Un tiret noir à la verticale qui clignote. Disparait, réapparait, disparait puis réapparait encore. De manière incessante. Il ne le sait pas, mais je le regarde. Il est à l’image de mon email : à la fois concret quand je l’attrape, mais aussitôt vide quand il n’est plus. Je décide de m’en servir comme d’une marionnette, commençant ma présentation par un pompeux « Cher monsieur ». En réalité, les « cher monsieur », ça ne court plus les lettres. Je reprend donc le tiret noir à la verticale et l’utilise comme d’un bourreau. Le « cher monsieur » est alors effacé. Promptement. Retour à zéro. Une brillante idée transperce alors mon esprit. Mes mains pianotent frénétiquement un timide « Bonjour » suivi d’une jolie virgule, et je sens l’inspiration titiller mon pauvre intellect plongé dans les méandres des bonnes formules ennuyeuses à en mourir.

Tout devient plus clair. Qu’est ce que je suis ? Un étudiant à Sciences Po Toulouse voyons ! Qu’est ce que je cherche ? Un stage ! Pourquoi ? Mais pour être sous payé, faire le café et essayer d’apprendre comment fonctionne la photocopieuse ! Subtilement, je ne place pas cette dernière affirmation, la substituant par le stratégique : « Je possède des capacités qui vous seront utiles ». Mon visage s’illumine de bonheur.
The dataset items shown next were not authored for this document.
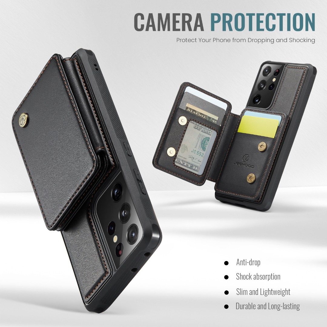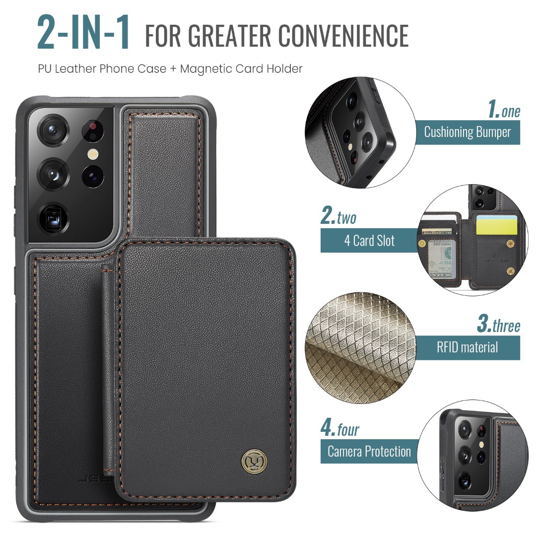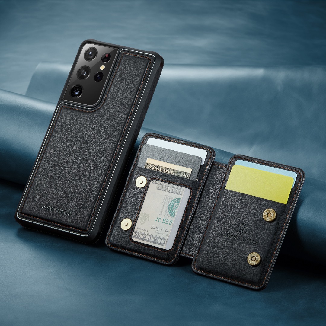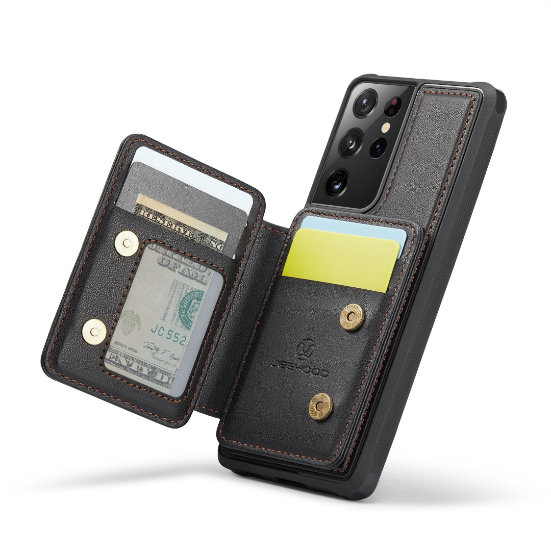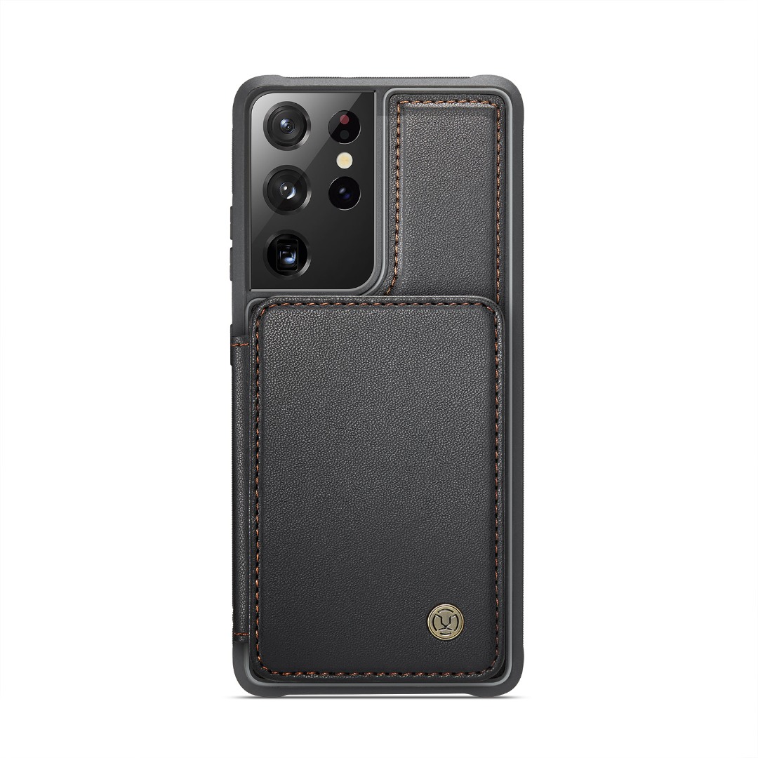 Husa piele cu textura moale si aderenta in mana, back cover, mini portofel magnetic detasabil, slot carduri, functie stand, protectie RFID, Samsung Galaxy S21 Ultra, CaseMe, Negru
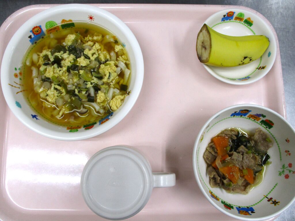 かき玉うどん🍜豚肉の香り炒め🍗バナナ🍌
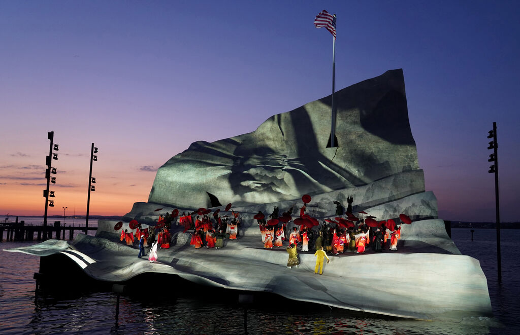 «Мадам Баттерфляй» Пуччини, одна из наиболее популярных опер, впервые исполняется на плавучей сцене Боденского озера. Дирижёр Энрике Маццола, уже известный зрителю по постановке «Риголетто», во главе Венского симфонического оркестра радует чарующим звучанием струнных и гибкостью, столь необходимой в Пуччини.
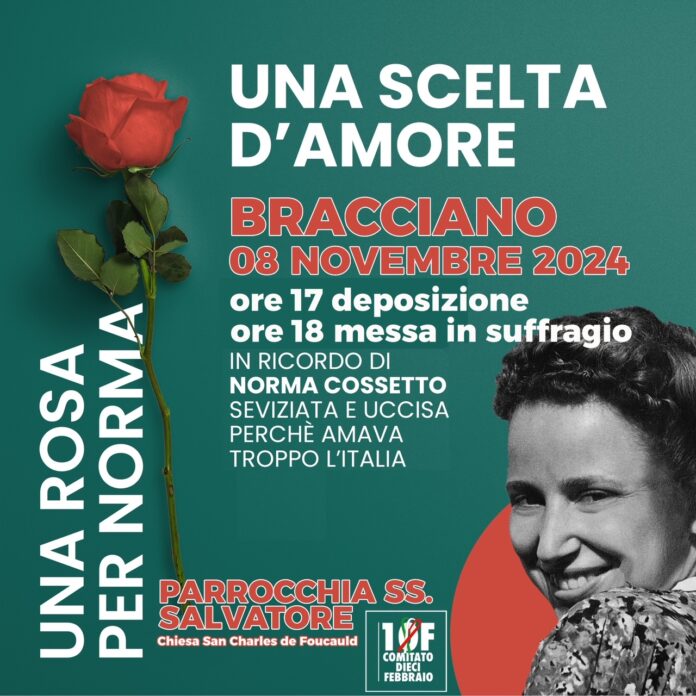 Si è svolta ieri alle 17y in via delle Palme, 6/B, a Bracciano, nella Parrocchia SS. Salvatore, “Una rosa per Norma Cossetto”, promossa in tutta Italia dal Comitato 10 Febbraio per onorare la memoria della giovane istriana, seviziata e uccisa nel 1943 dai partigiani comunisti slavi.
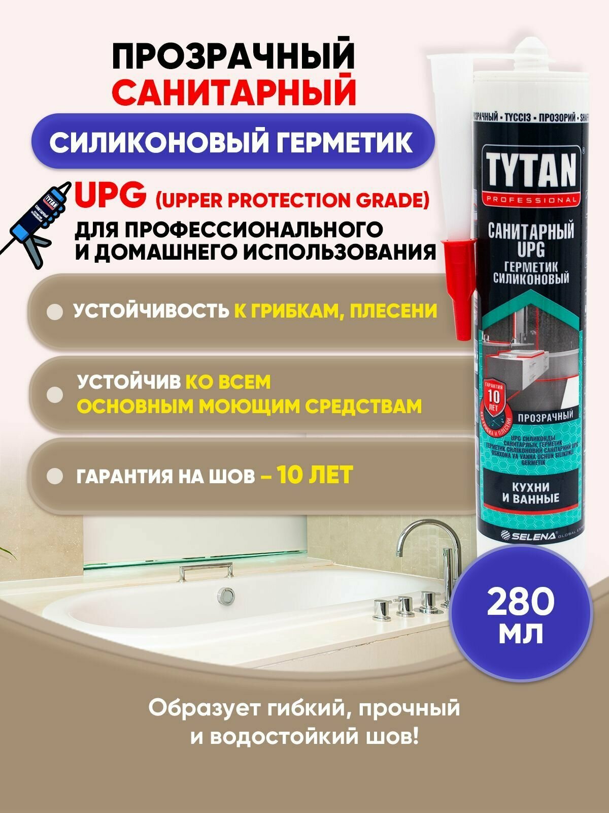 Герметик силиконовый санитарный UPG Tytan Professional, 280 мл, прозрачный информация:
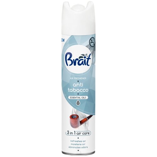 Освежитель воздуха 3в1 Brait ANTI TABACCO (300 мл), против запаха Табака. Освежитель воздуха Brait Анти-Табак легко избавит Вас от надоедливого запаха табачного дыма в любом помещении. Используйте его, чтобы избавить от неприятного запаха табака. Формула 3 в 1 обеспечивает: Эффективно нейтрализует и поглощает неприятный запах. Наполняет помещение неповторимым ароматом. Придает ощущение свежести и чистоты. Бренд Brait существует на рынке уже 20 лет, предлагая широкий ассортимент освежителей воздуха и товаров бытовой химии. За это время он завоевал доверие клиентов, которые ценят, прежде всего, высокое качество и эффективность продукции, благодаря использованию инновационных формул.
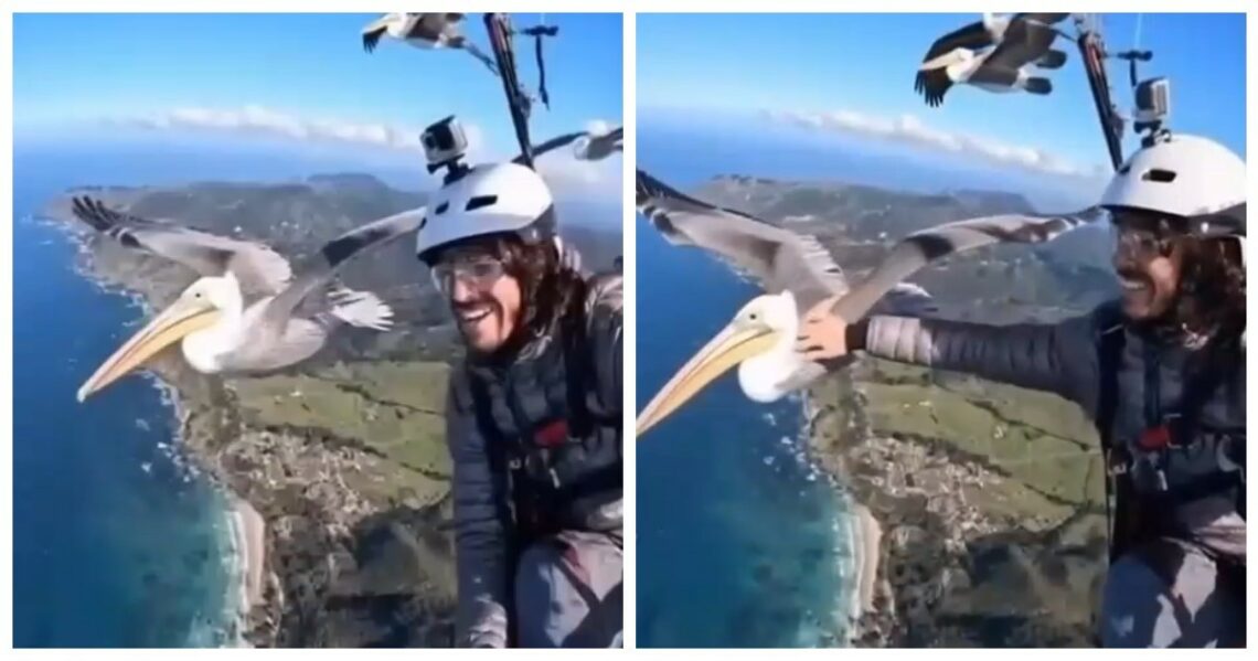 В Бразилии парапланеристу неожиданно составил компанию пеликан. Птица спокойно летела рядом, иногда подлетая совсем близко, будто проверяя нового знакомого. Получился редкий момент, когда человек и дикая птица почти синхронно движутся в потоке воздуха, словно это их общий полёт.
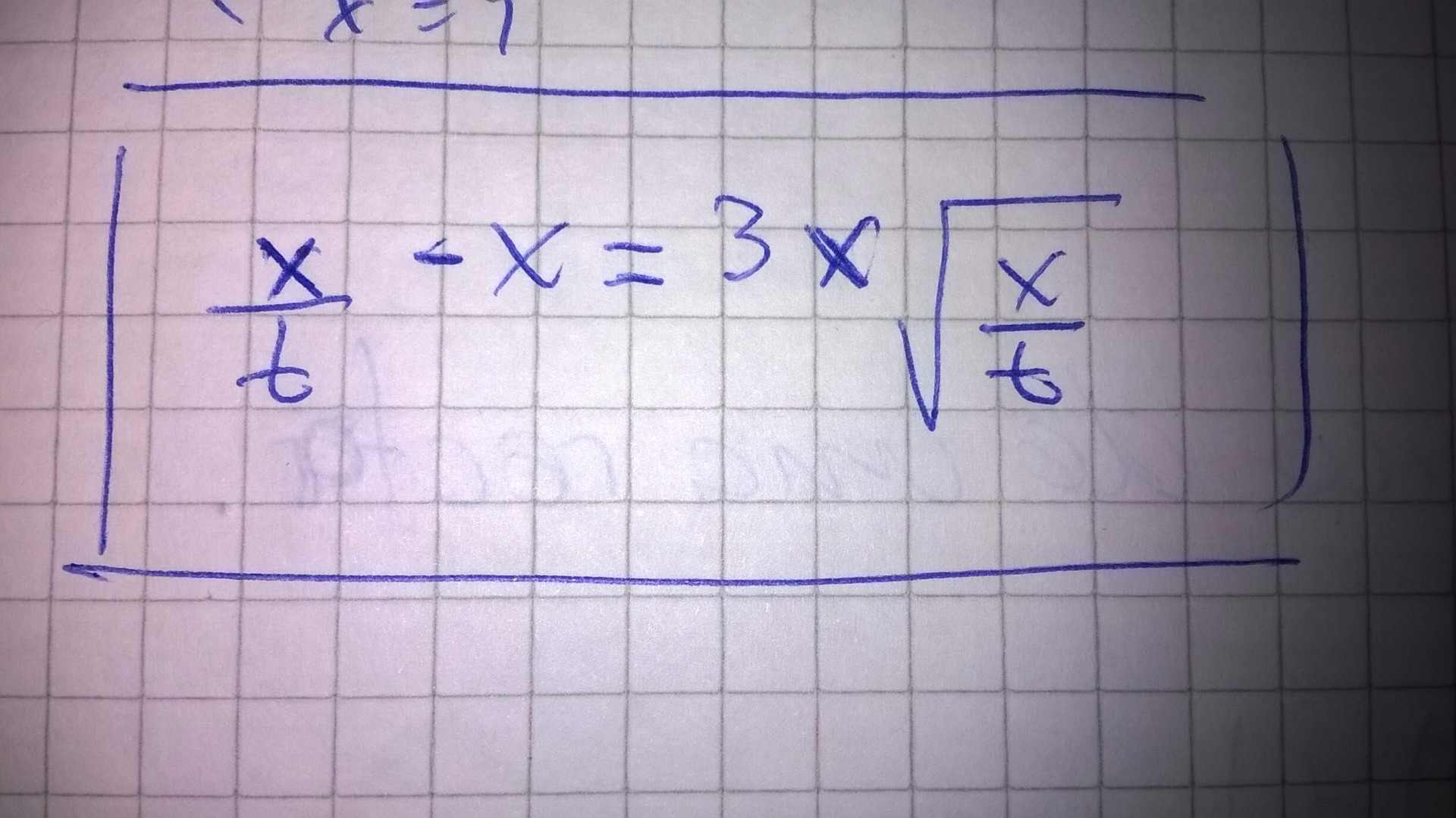 En tu caso, elevando al cuadrado cada miembro... (x/t-x)²=9x².(x/t).... x²/t² +x² -2x²/t=9x³/t... Multiplicando todos los terminos por t²....
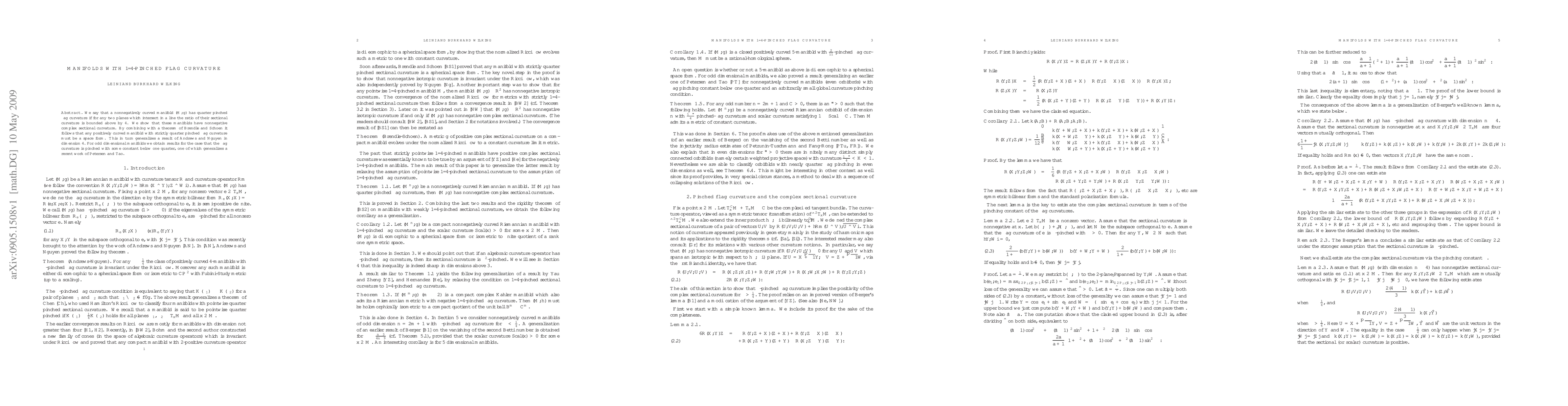 We say that a nonnegatively curved manifold $(M,g)$ has quarter pinched flag curvature if for any two planes which intersect in a line the ratio of their sectional curvature is bounded above by 4. We show that these manifolds have nonnegative complex sectional curvature. By combining with a theorem of Brendle and Schoen it follows that any positively curved manifold with strictly quarter pinched flag curvature must be a space form. This in turn generalizes a result of Andrews and Nguyen in dimension 4. For odd dimensional manifolds we obtain results for the case that the flag curvature is pinched with some constant below one quarter, one of which generalizes a recent work of Petersen and Tao.
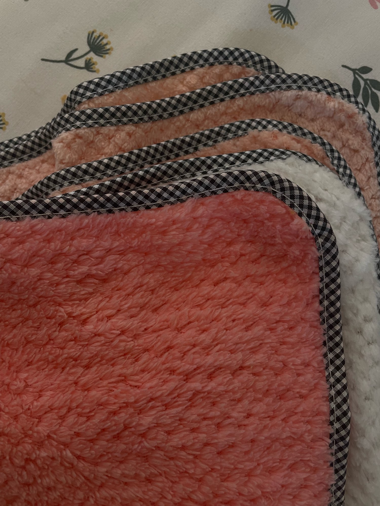 Coral fleece material, soft and comfortable, not easy to fade and hair loss.
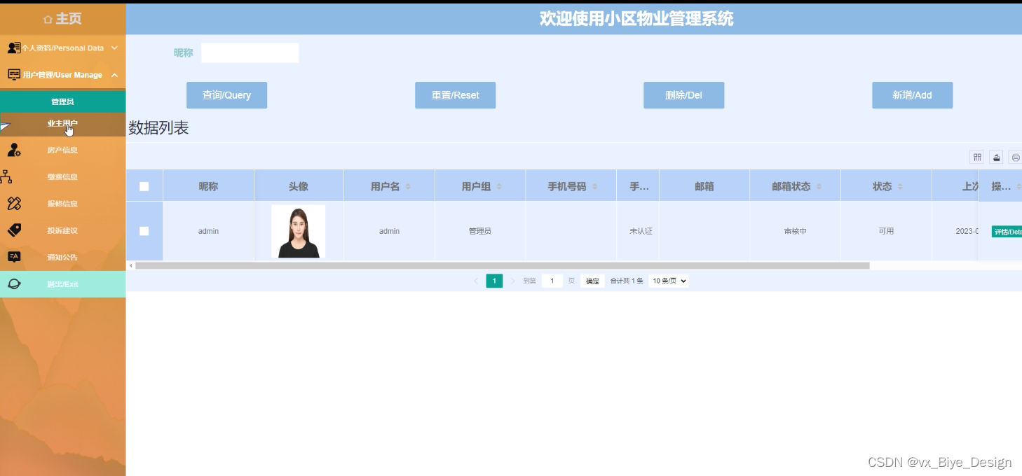 用户管理模块包含了管理员,业主用户两个部分,管理员可以查看到业主的信息,但是只有管理员可以对业主进行增删改查操作,界面如下图4.11所示。
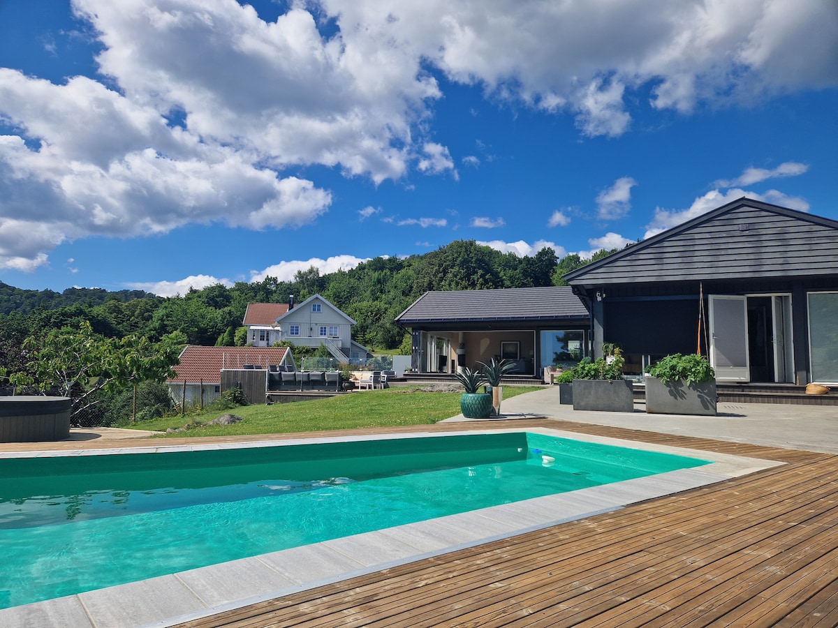 平均评分 5 分(满分 5 分),共 3 条评价挪威南部的家庭天堂,带泳池,靠近大海
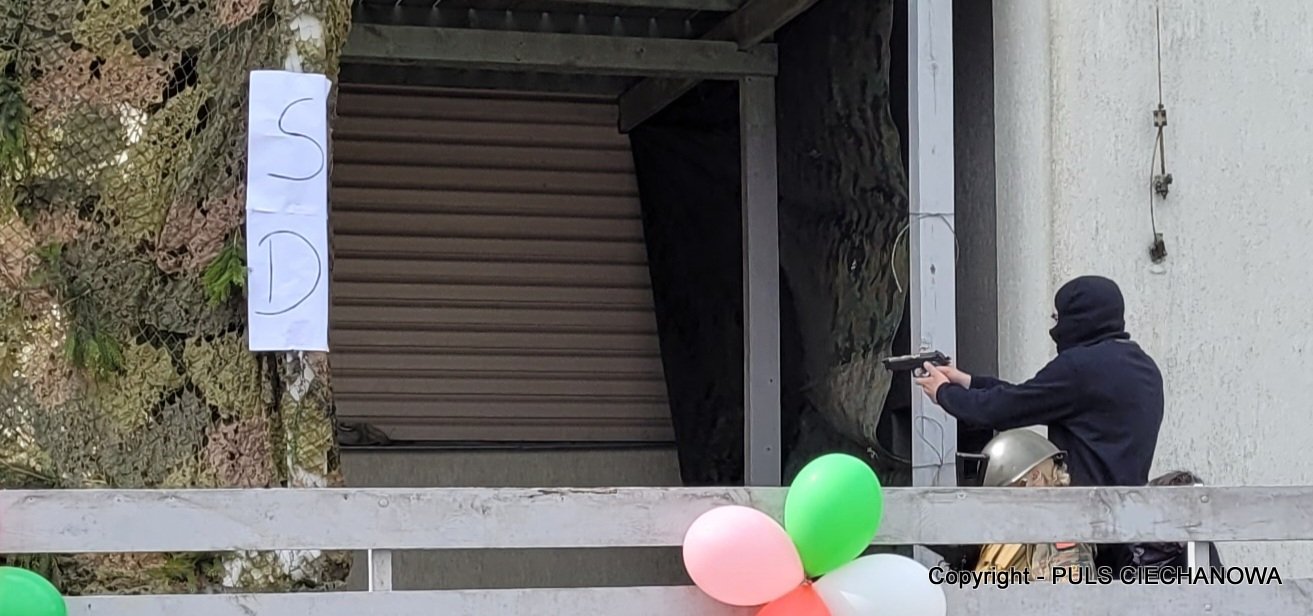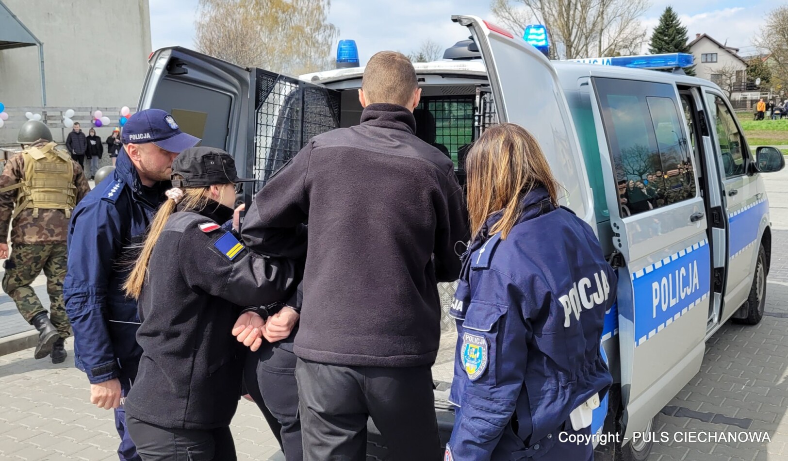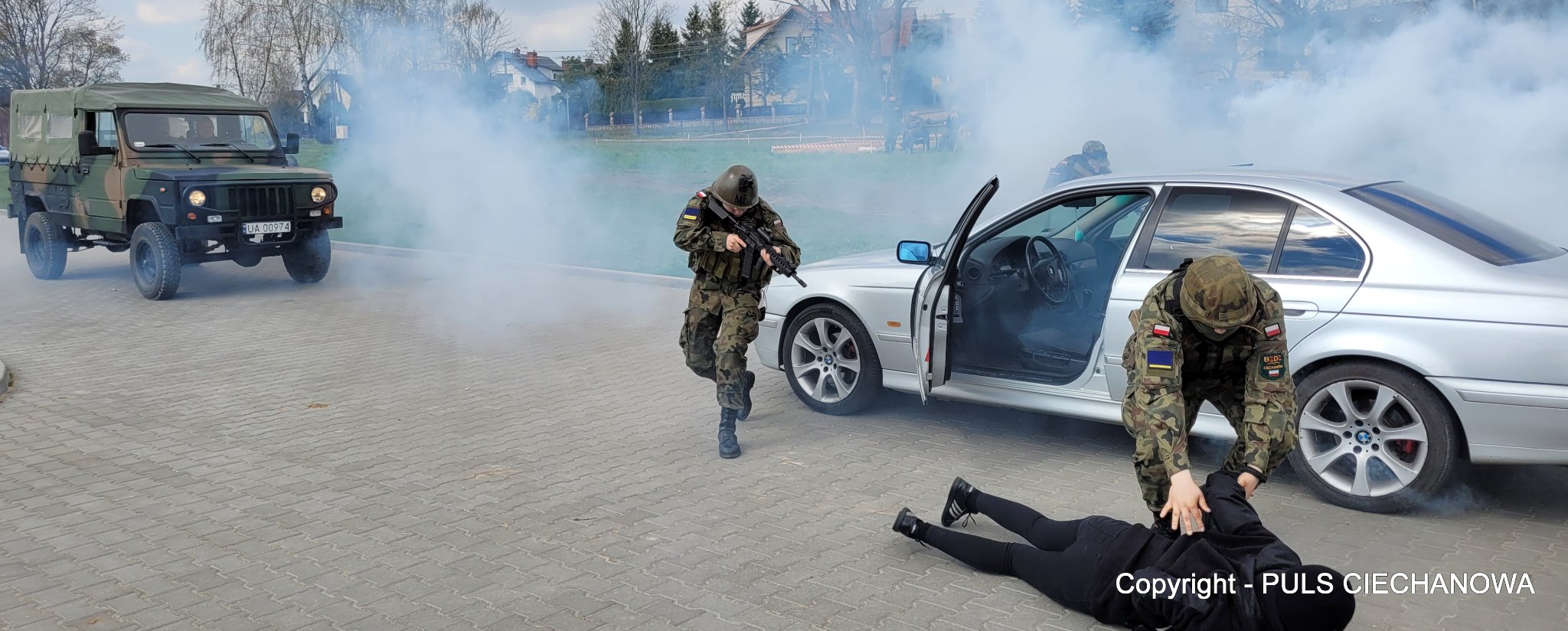 Szczególnie widowiskowo wyglądały pokazy przygotowane przez uczniów klas mundurowych. Akcja odbicia zakładnika, ujęcie terrorysty, przeszukanie auta czy przekazanie zatrzymanego w ręce Policji – wyglądały niemalże jak z filmów akcji. Świetnie zaprezentowali się uczniowie fakultetów: wojskowego pod kierunkiem sierż. Pauliny Królikowskiej (2. Ośrodek Radioelektroniczny w Przasnyszu) oraz policyjnego pod kierunkiem mł. asp. Magdy Zarembskiej (Komenda Powiatowa Policji w Ciechanowie).

Je le sais parce que je le vois dans le reflet de mon écran. Je me regarde, il me regarde, je me regarde, il me regarde. Mes yeux se concentrent alors sur le pâté noir sur blanc et imbuvable que je viens de pondre en 4 minutes et 32 secondes, ponctué avec brio par un « dans l’attente de vos… ». Mes pupilles s’écarquillent et ma pensée fait mine de comprendre ce que je viens de produire.Tout en ayant pris soin de rajouter un « Cordialement », je prend le risque de cliquer sur « Envoyer ». Bref, j’ai expédié ma lettre de motivation.